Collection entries
□ □ □ □ □ □ □

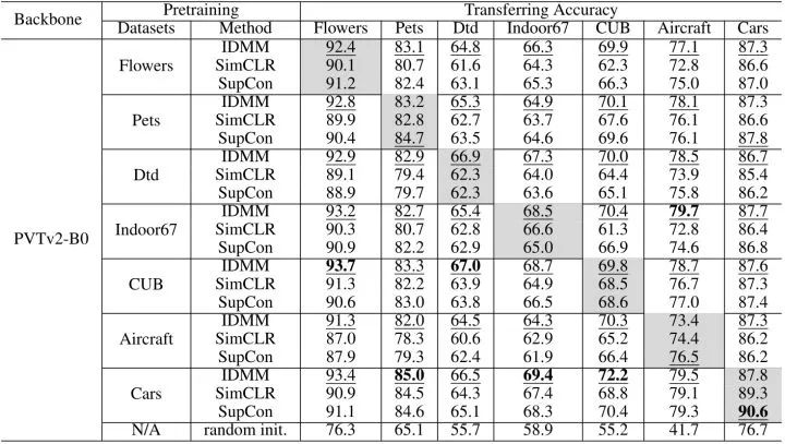 与 SimCLR 和 SupCon 相比,IDMM 在所有这些数据集上都具有更高的传输性能这可能要归功于可学习的全连接层 。
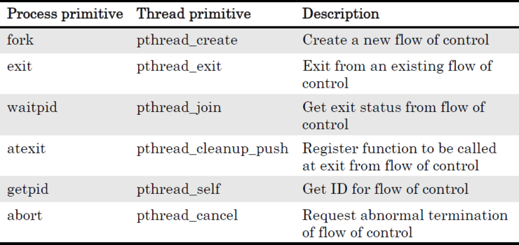 마지막으로 pthread_함수들이 프로세스 관련 함수들 어떤어떤 것들과 유사한지 매칭시켜보자.
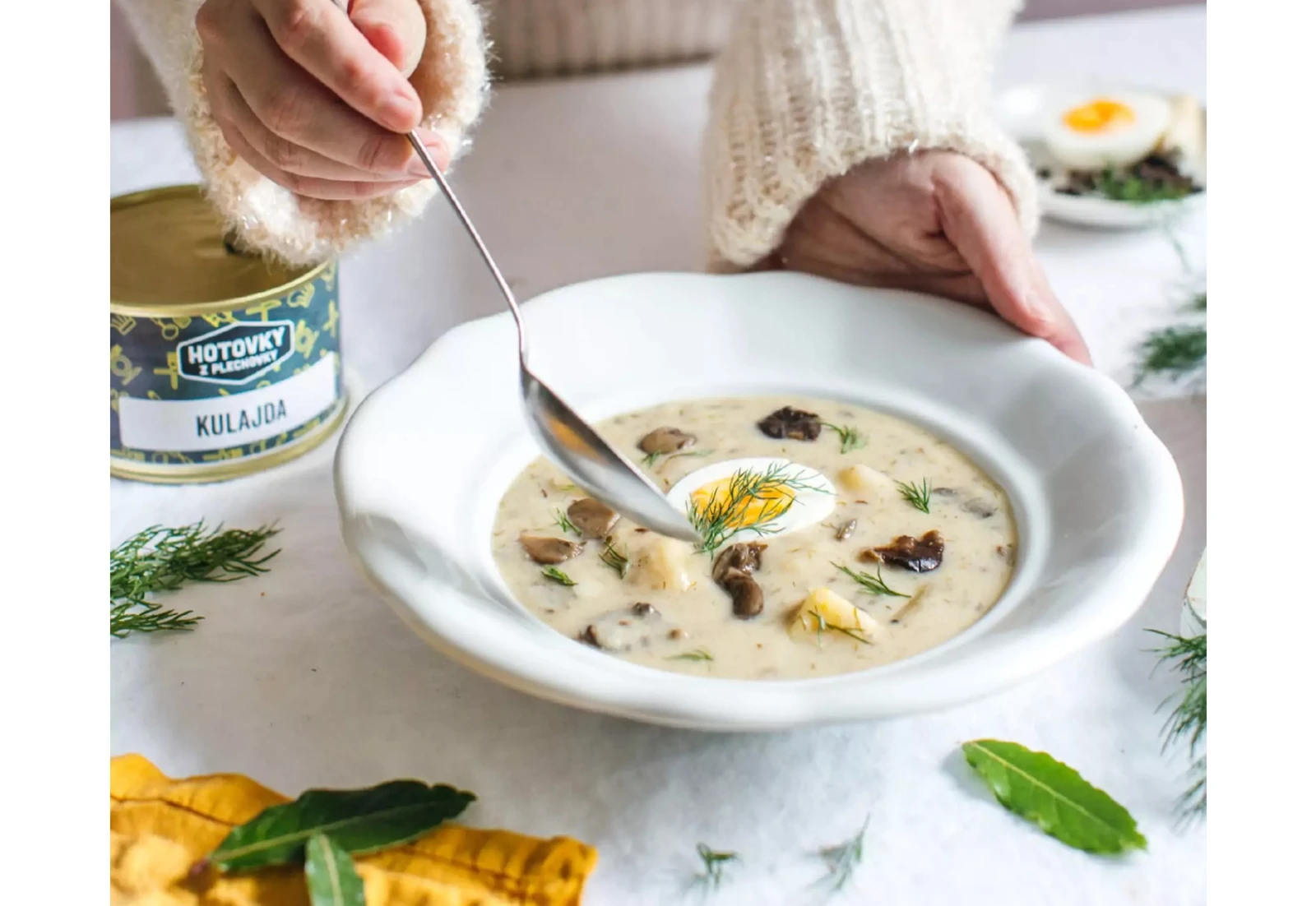 Tradiční česká kulajda pohladí vaši duši. Základem lahodné krémové polévky jsou houby, brambory, krémová smetana a mix koření, které dohromady vytvářejí intenzivní chuť a vůni. Právě Hotovky z plechovky nabízejí sterilizované hotové jídlo v konzervách vyrobené z lokálních surovin, které stačí jen zahřát a pochutnat si jako v restauraci. Ať už jste u vody a užíváte si rybaření nebo kempujete s rodinou a přáteli, tak stačí jen zahřát konzervu a dosyta se najíst. Balení 400ml je určeno pro bohatý oběd pro jednu osobu, 800ml postačuje pro dva lidi na plnohodnotné jídlo. Všechna jídla jsou slovenské výroby přičemž splňují všechny potravinářské standardy a jsou zárukou vysoké kvality.
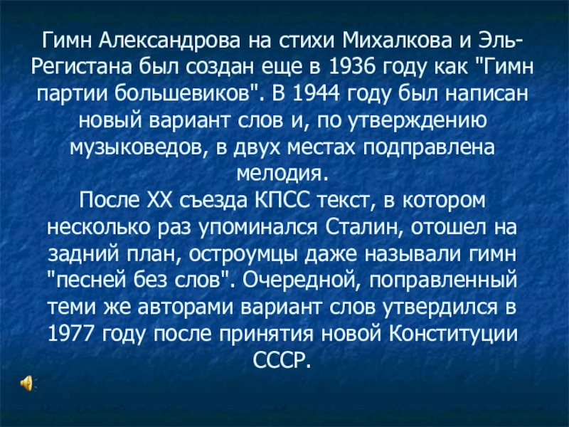 Слайд 36Гимн Александрова на стихи Михалкова и Эль-Регистана был создан еще в
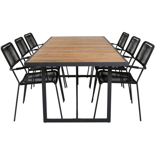 Ruokailuryhmä Venture Home, 200x100cm ruskea/musta Khung-pöytä + 6 mustaa Lindos-tuolia, käsinojilla

□ □ □ □ □ □ □

* [Exercise brief]: Write out the lines that run from the line containing "Слайд 36Гимн Александрова" to the end of the entries, inclusive, exactly as written. Skip every picture.

* [Response area]:
 Слайд 36Гимн Александрова на стихи Михалкова и Эль-Регистана был создан еще в
 Ruokailuryhmä Venture Home, 200x100cm ruskea/musta Khung-pöytä + 6 mustaa Lindos-tuolia, käsinojilla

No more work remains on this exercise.